Genny Sedgwick, principal at Milliman, said during a panel at the 2013 PLANSPONSOR National Conference that although her company’s entire book of business already had fee transparency, fee disclosure regulations spurred more education initiatives. In educating plan sponsor committees about fee disclosure, the outcome included investment changes. “There were a lot of changes in the fund menu,” Sedgwick said.
More index funds were also added to plan menus, she added, anticipating that participants would ask for lower-cost investments following fee disclosure.
Overall, Sedgwick said Milliman welcomed fee disclosure because it leveled the playing field by requiring more transparency across the industry.
Steve Benjamin, mayor of Columbia, South Carolina, agreed that transparency is a good thing. “We believe that transparency will certainly lead to lower fees,” he said during the panel.
Benjamin said he and other staff members are facilitating conversations with mayors across the country to help people understand their roles as a fiduciary.

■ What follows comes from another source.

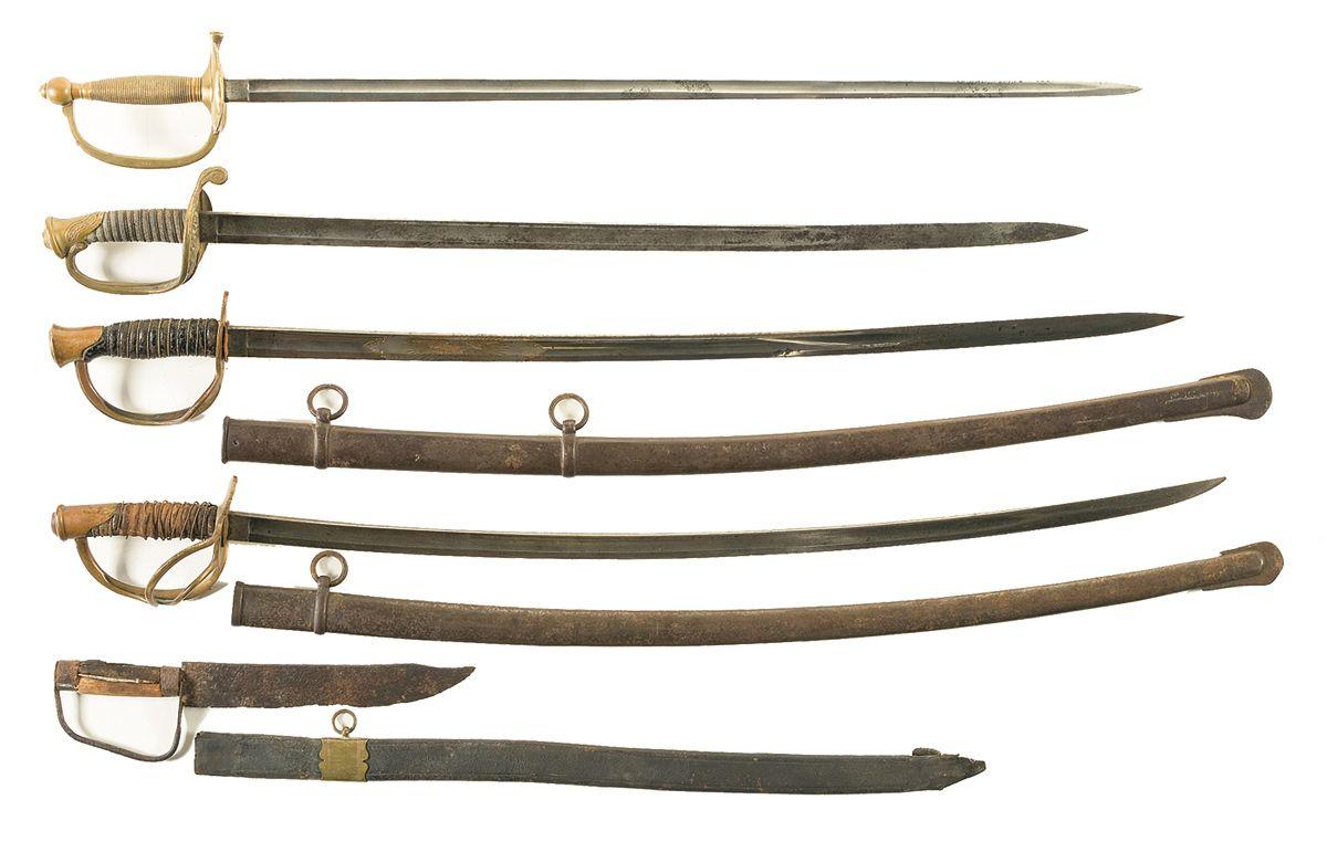 1) W.H. Horstmann & Sons saber, 33" curved single fuller blade with makers mark on the right side, solid metal hand guard and ribbed wood grip. Blade has the Federal Eagle on the right is marked "U.S." on the left. With metal scabbard 2) Tiffany & Co. , 30" curved double fuller blade, solid brass hilt with floral motif, wire wrapped ray skin grip. With leather scabbard. Scabbard is poor. 3) C. Roby 1864 dated Cavalry saber. 34" curved double fuller blade, three branch brass guard with a wire wrapped grip. Complete with metal scabbard. 4) Model 1840 NCO Sword with 32" straight single fuller blade, U.S. marked, 1863 dated with a brass knuckle bow and grip. 5) Relic grade Confederate style Bowie knife. 10" blade, iron knuckle guard and smooth wood grips. Unless otherwise noted all items are fair to very good.

Benjamin said he wants to make sure that in the public sector, “we’re encouraging our members to ask the tough questions, to ask their providers … what types of disclosure do you do for your private sector clients? We want the same type of service.”
In light of the regulations, clients should ask whether they are getting the outcomes they want in relation to the fees they are paying, concluded Suzanne Herbst, managing director at Wells Fargo Institutional Retirement & Trust. Three keys to successful outcomes in a retirement plan are ensuring employees participate in the plan; that they are saving enough; and that their portfolios are adequately diversified, she said.